Tag Archives: creative writing prompts

4 Strategies for Crafting Scenes (You Know, the Things Stories Are Made Of)

28 Feb

One of the regular questions writers and teachers are asked is about the difference between literary and genre fiction. There are differences, but one of the things I found while putting together The Writer’s Field Guide to the Craft of Fiction was that both literary and genre writers were doing a lot of same things. This shouldn’t be surprising. A story is a story, and any distinctions almost certainly fall into what an author wants to focus on as opposed to any difference in quality.

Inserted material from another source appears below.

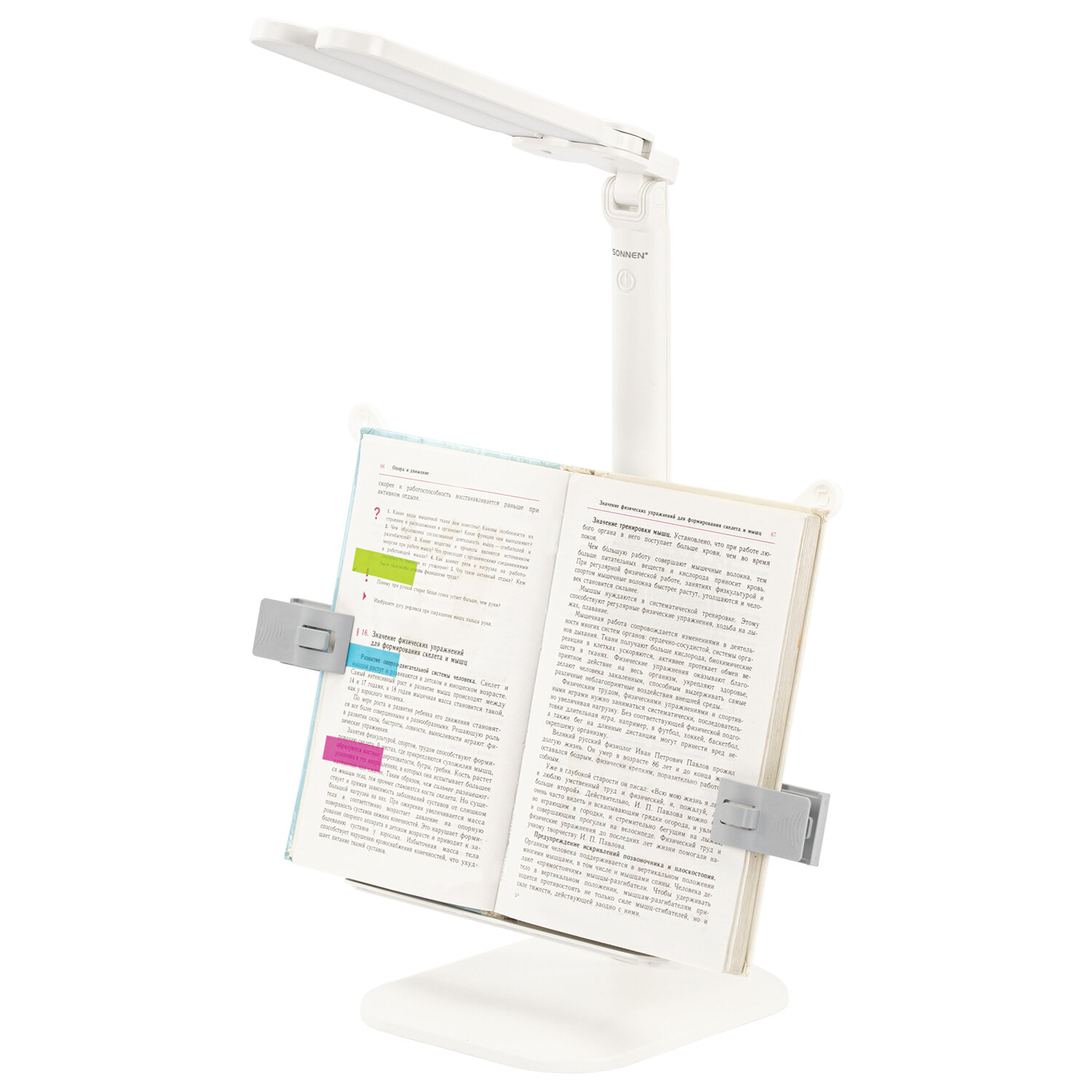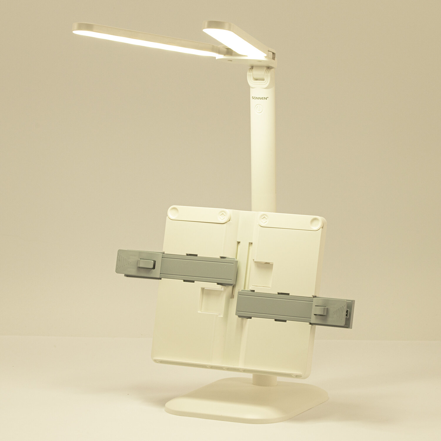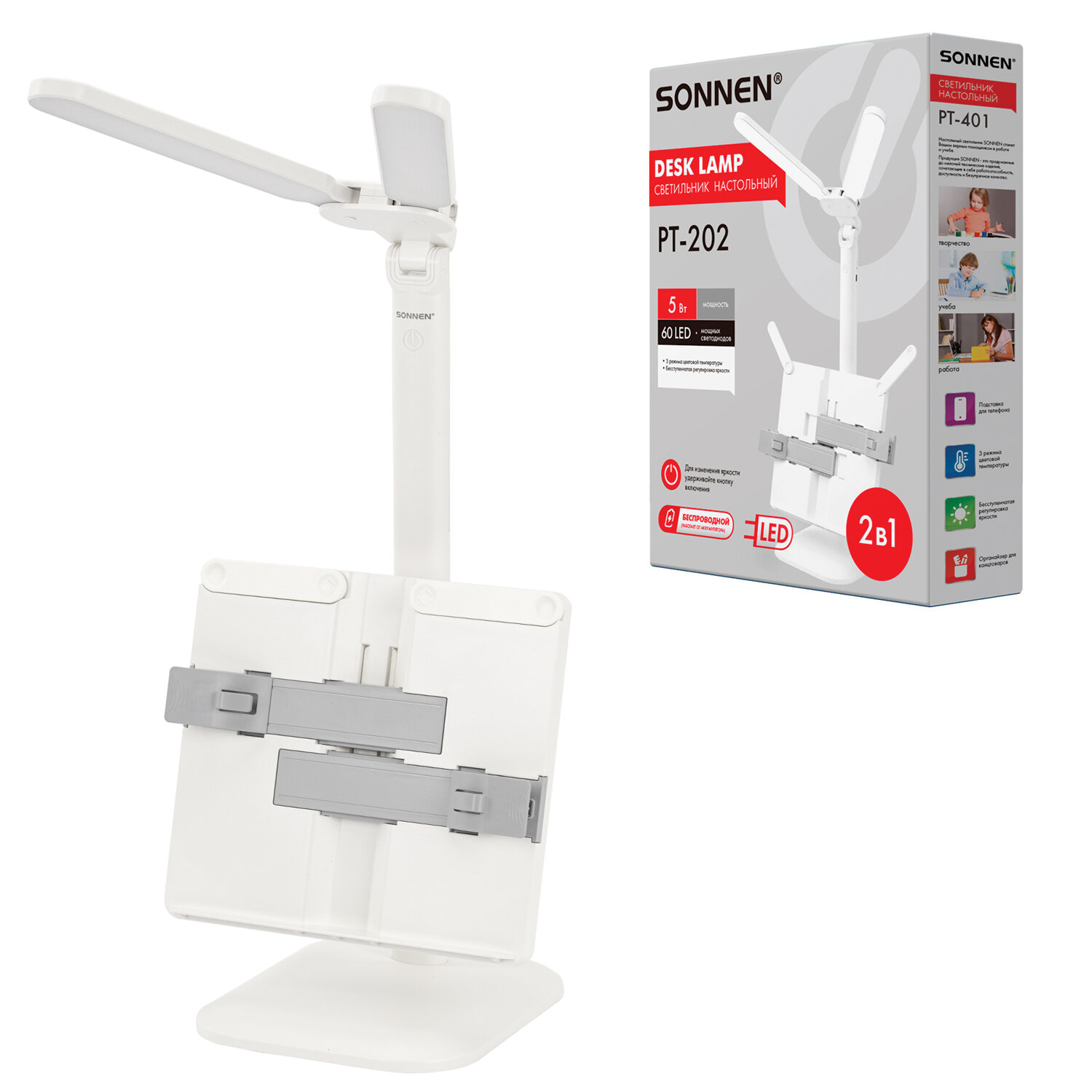 Настольная лампа / светильник беспроводная SONNEN PT-202, подставка для книг, USB, LED, 5 Вт, 3 режима Код товара: 238780 1 038,45 ₽ Купить Производитель:SONNEN Настольная лампа-светильник SONNEN PT-202 предназначена для освещения рабочего места в офисе или дома. Конструкция светильника обеспечивает произвольную регулировку направления света. Многофункциональный светодиодный светильник 5 Вт – идеальное решение для офиса и дома. Светильник оснащен 60 яркими диодами, что обеспечивает равномерное освещение и бережную нагрузку на глаза при длительной работе. Три режима цветовой температуры (тёплый, нейтральный, холодный свет) и бесступенчатая регулировка яркости позволяют настроить свет под любую задачу и время суток. Интегрированная подставка для книг позволит удобно расположить печатные издания перед собой. Встроенный аккумулятор обеспечит бесперебойную работу светильника.Производство: КитайТип лампы: светодиоднаяТип крепления: подставкаМощность: 5 ВтЦоколь: нетНазначение: универсальныйСерия: PT-20Цветность света: нейтральный белый - 3500-4500 К, теплый белый - 2700-3400 К, холодный белый - от 6100 и болееСветовой поток: 450 ЛюменКол-во режимов свечения: 3Источник света: 60 LEDИсточник питания: сеть, аккумуляторРасположение кнопки выключателя: на корпусеСенсорный выключатель: даПроизвольная регулировка направления подсветки: даОтсутствие мерцания и шумов: даСкладная конструкция: даВысота: 53 смДлина шнура: 1.2 мМатериал корпуса: пластикЦвет корпуса: белыйВес: 791 грРазмер упаковки: 8.2 × 28.4 × 22.2 смОбъём: 0.006 м3Промежуточная упаковка: 24 штТранспортная упаковка: 24 штШтрих-код: 4606224465968 Сертификат-1.jpg Сертификат-2.jpg

This is especially true when you start looking at the basic building block of any story: the scene. Characters act, those acts have immediate consequences and possible effects down the line, and tension is built or released. In the chapter on writing scenes, I included four incredibly different writers–no kidding. No book has ever before paired the master of East Texas horror and mystery Joe R. Lansdale with Teju Cole, a writer whose work represents the height of meditative literary sophistication. And, the chapter includes not one but two Texas writers, including Bret Anthony Johnston, who recently moved from Harvard to the University of Texas to direct the famed Michener Center for Writers.

(If you’re in Austin, Johnston will be a special guest at the book launch for The Writer’s Field Guide this Thursday, March 1, 7 pm, at BookPeople.)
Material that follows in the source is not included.